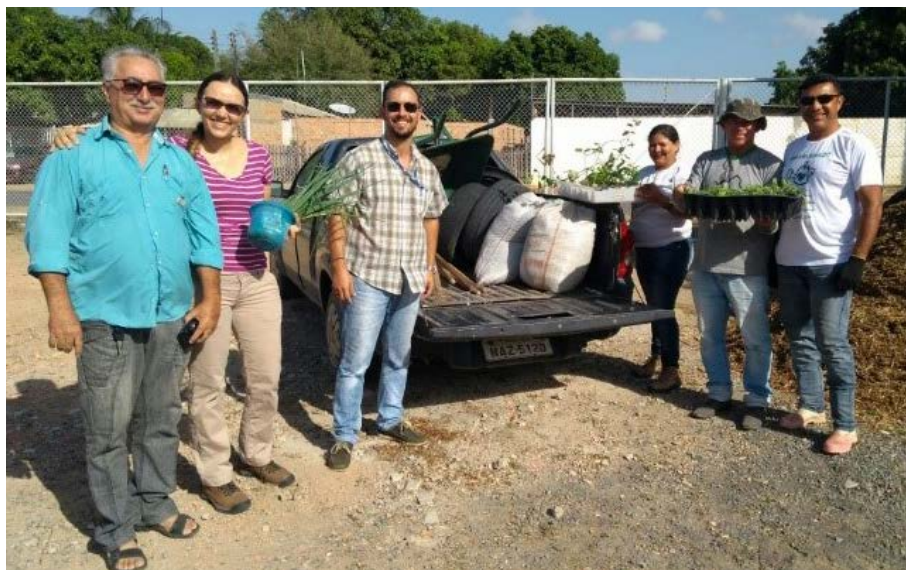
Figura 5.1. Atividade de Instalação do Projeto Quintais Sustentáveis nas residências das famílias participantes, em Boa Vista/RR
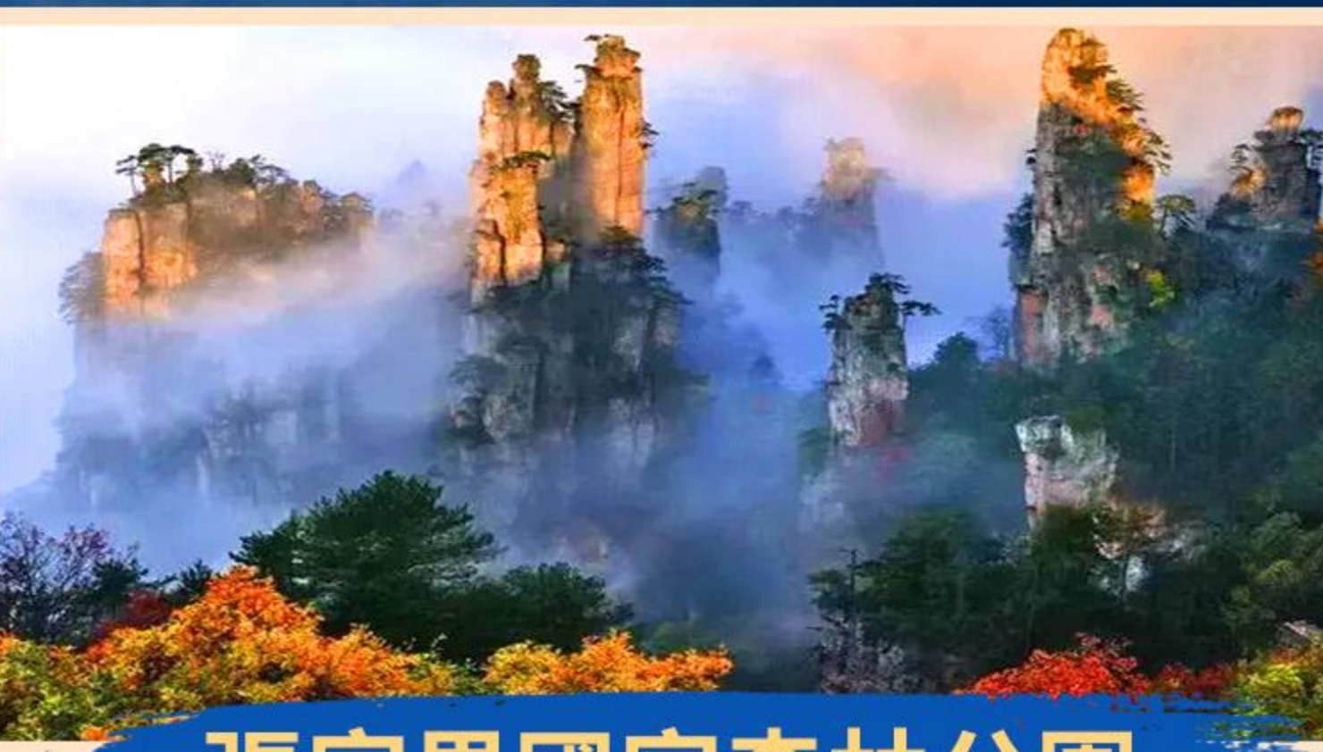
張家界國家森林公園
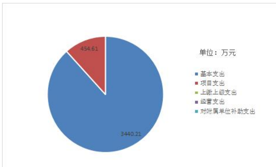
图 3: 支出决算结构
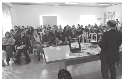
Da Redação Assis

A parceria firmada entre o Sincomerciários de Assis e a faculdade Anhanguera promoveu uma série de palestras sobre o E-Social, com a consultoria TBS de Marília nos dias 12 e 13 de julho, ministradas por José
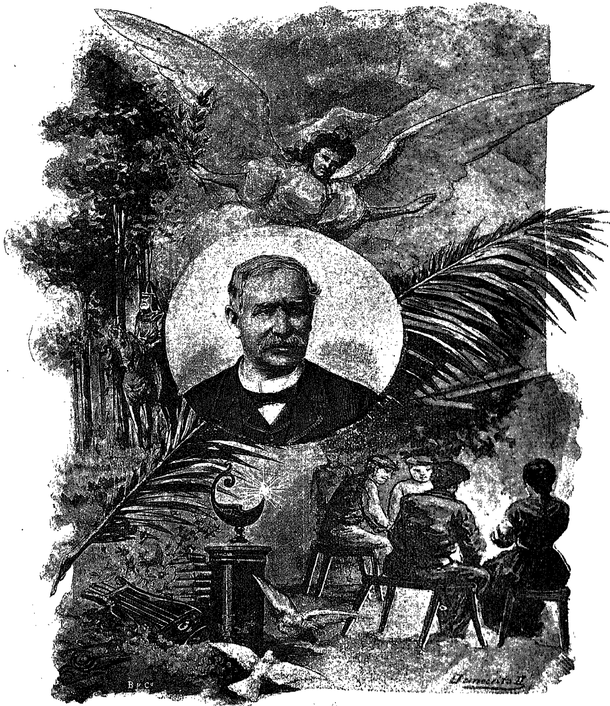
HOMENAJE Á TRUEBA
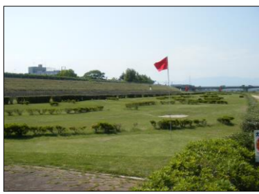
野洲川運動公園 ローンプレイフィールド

---

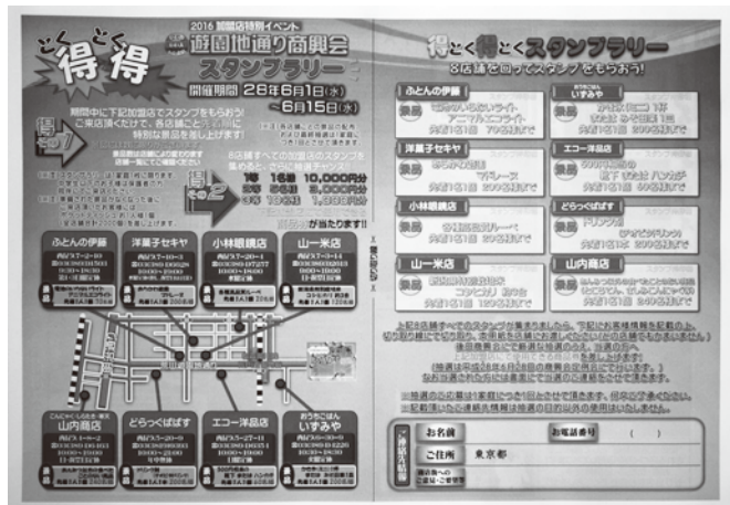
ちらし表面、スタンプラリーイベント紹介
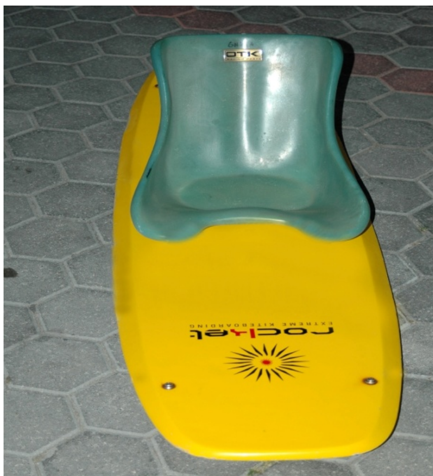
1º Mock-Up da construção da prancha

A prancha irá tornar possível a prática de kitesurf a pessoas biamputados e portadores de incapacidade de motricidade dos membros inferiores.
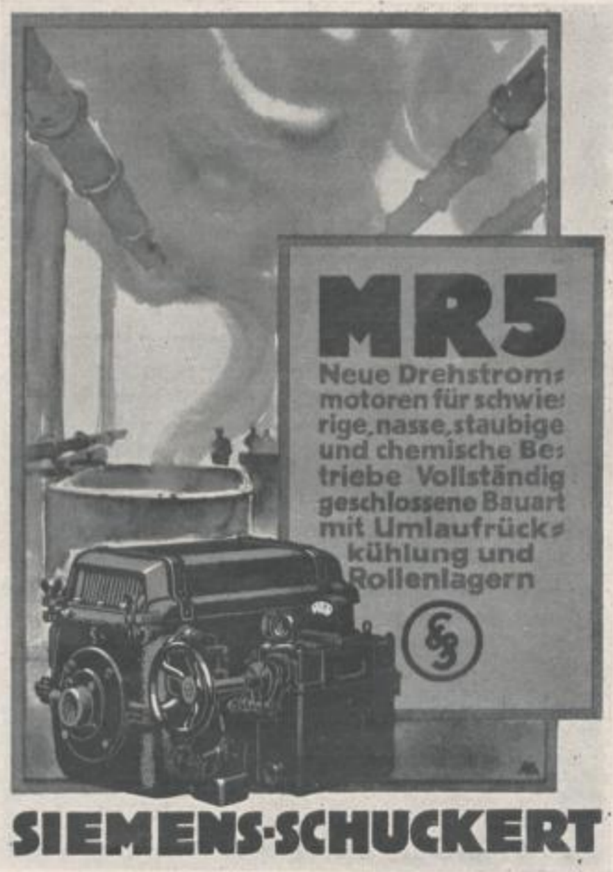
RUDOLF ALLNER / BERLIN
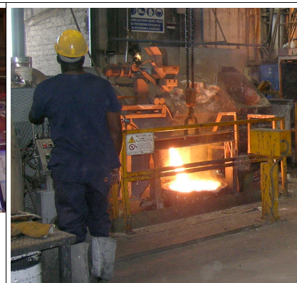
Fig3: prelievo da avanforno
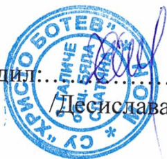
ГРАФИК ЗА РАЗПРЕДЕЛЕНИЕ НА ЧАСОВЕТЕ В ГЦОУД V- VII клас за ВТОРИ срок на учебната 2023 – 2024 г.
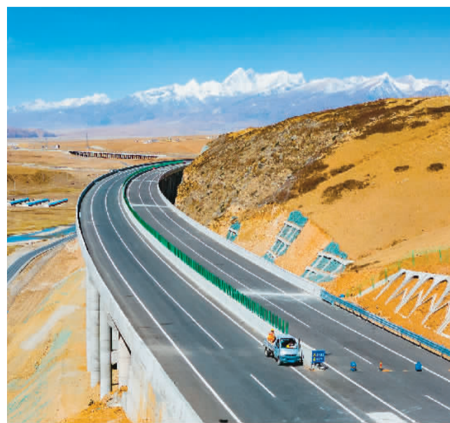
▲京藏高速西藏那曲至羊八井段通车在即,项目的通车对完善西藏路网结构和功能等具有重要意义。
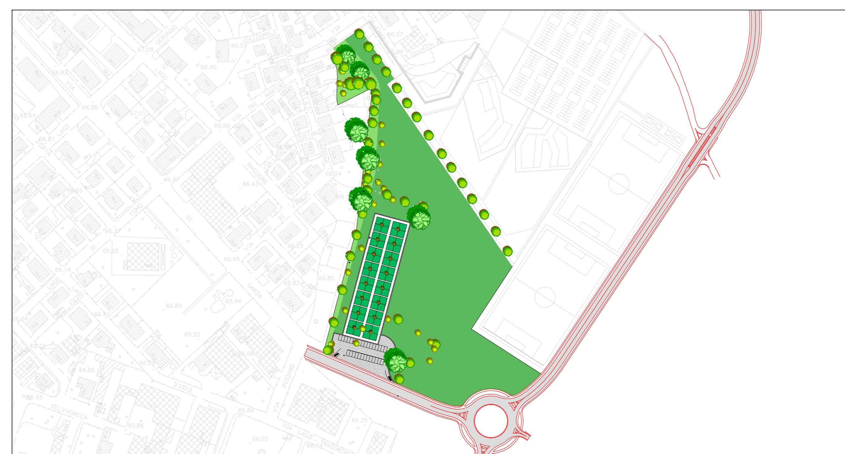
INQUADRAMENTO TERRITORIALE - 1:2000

...

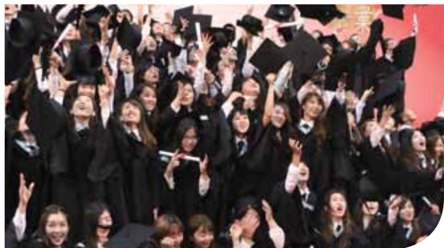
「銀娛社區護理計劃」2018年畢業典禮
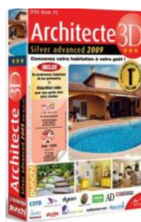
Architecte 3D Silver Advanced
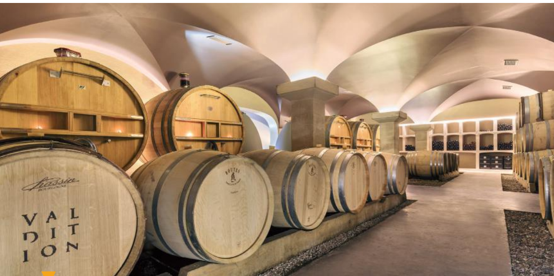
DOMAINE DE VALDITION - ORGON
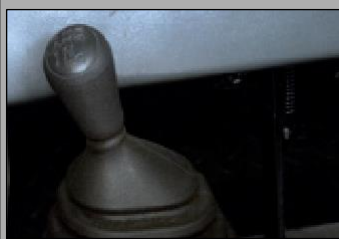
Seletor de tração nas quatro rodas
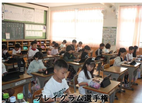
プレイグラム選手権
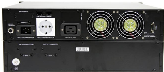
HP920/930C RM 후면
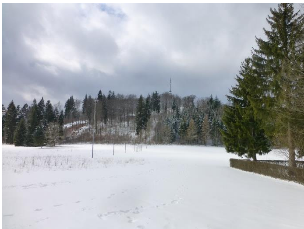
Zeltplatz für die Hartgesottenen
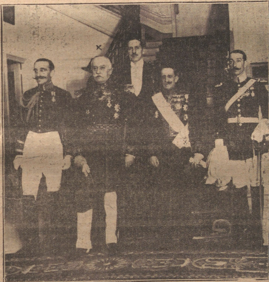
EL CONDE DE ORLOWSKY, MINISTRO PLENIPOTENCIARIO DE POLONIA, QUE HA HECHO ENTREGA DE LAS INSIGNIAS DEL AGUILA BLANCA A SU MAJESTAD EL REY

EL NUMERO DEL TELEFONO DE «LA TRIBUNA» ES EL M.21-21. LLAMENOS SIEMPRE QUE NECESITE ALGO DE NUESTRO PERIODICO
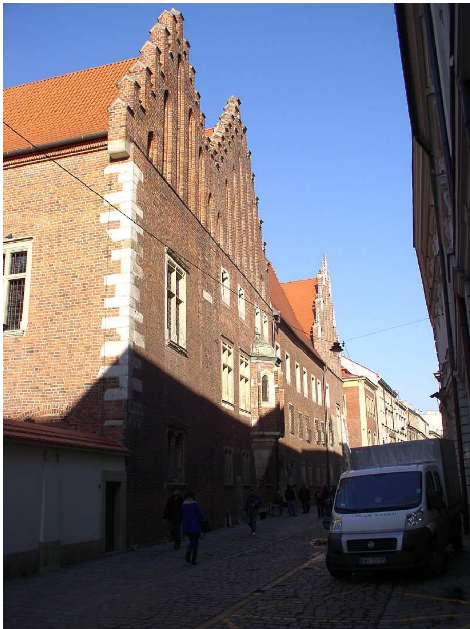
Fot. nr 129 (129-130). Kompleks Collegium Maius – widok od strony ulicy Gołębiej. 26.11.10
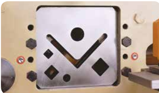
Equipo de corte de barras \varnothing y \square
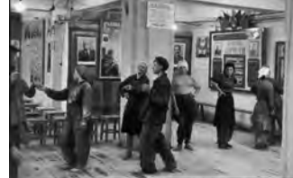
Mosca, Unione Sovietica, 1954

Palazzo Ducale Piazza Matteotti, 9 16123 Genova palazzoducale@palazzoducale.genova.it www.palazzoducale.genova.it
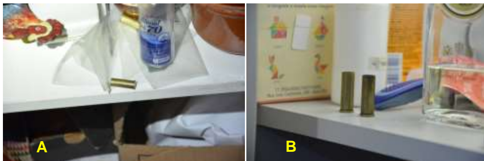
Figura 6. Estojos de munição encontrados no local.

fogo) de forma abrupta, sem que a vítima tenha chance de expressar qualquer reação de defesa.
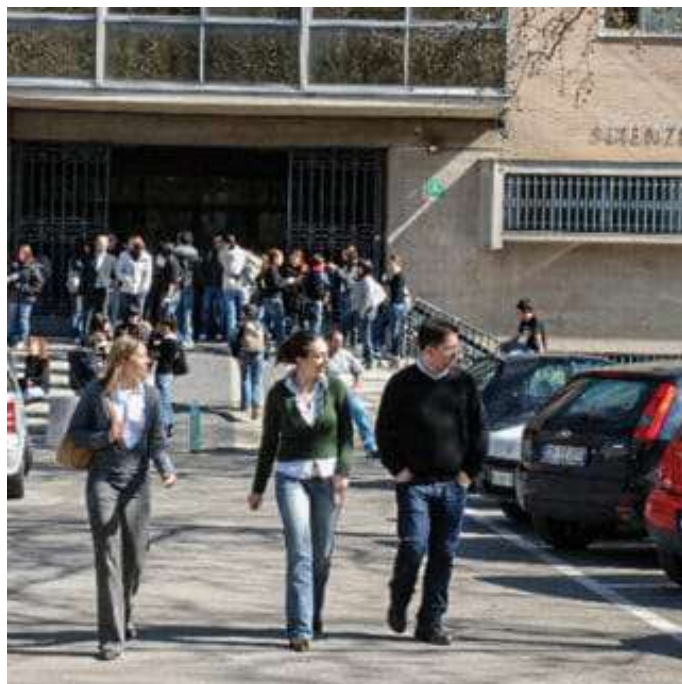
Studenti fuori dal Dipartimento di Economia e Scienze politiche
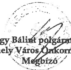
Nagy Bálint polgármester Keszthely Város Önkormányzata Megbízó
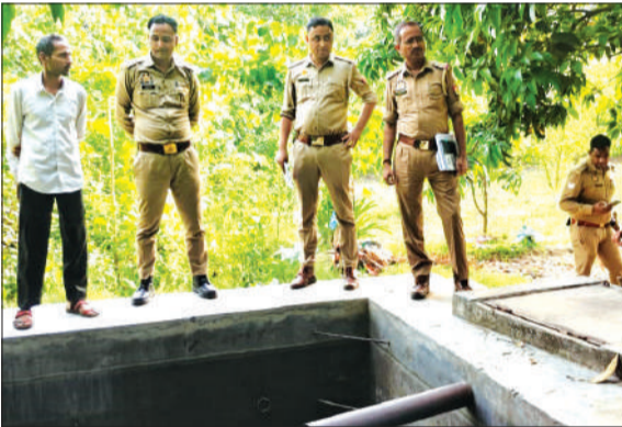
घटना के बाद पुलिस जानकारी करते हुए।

> [THE TASK] After locating "Da Redação Assis" and "野洲川運動公園 ローンプレイフィールド" in the records above, return exactly the line holding each one and every line between them; leave out the pictures.

> [YOUR RESPONSE]
Da Redação Assis

A parceria firmada entre o Sincomerciários de Assis e a faculdade Anhanguera promoveu uma série de palestras sobre o E-Social, com a consultoria TBS de Marília nos dias 12 e 13 de julho, ministradas por José
HOMENAJE Á TRUEBA
野洲川運動公園 ローンプレイフィールド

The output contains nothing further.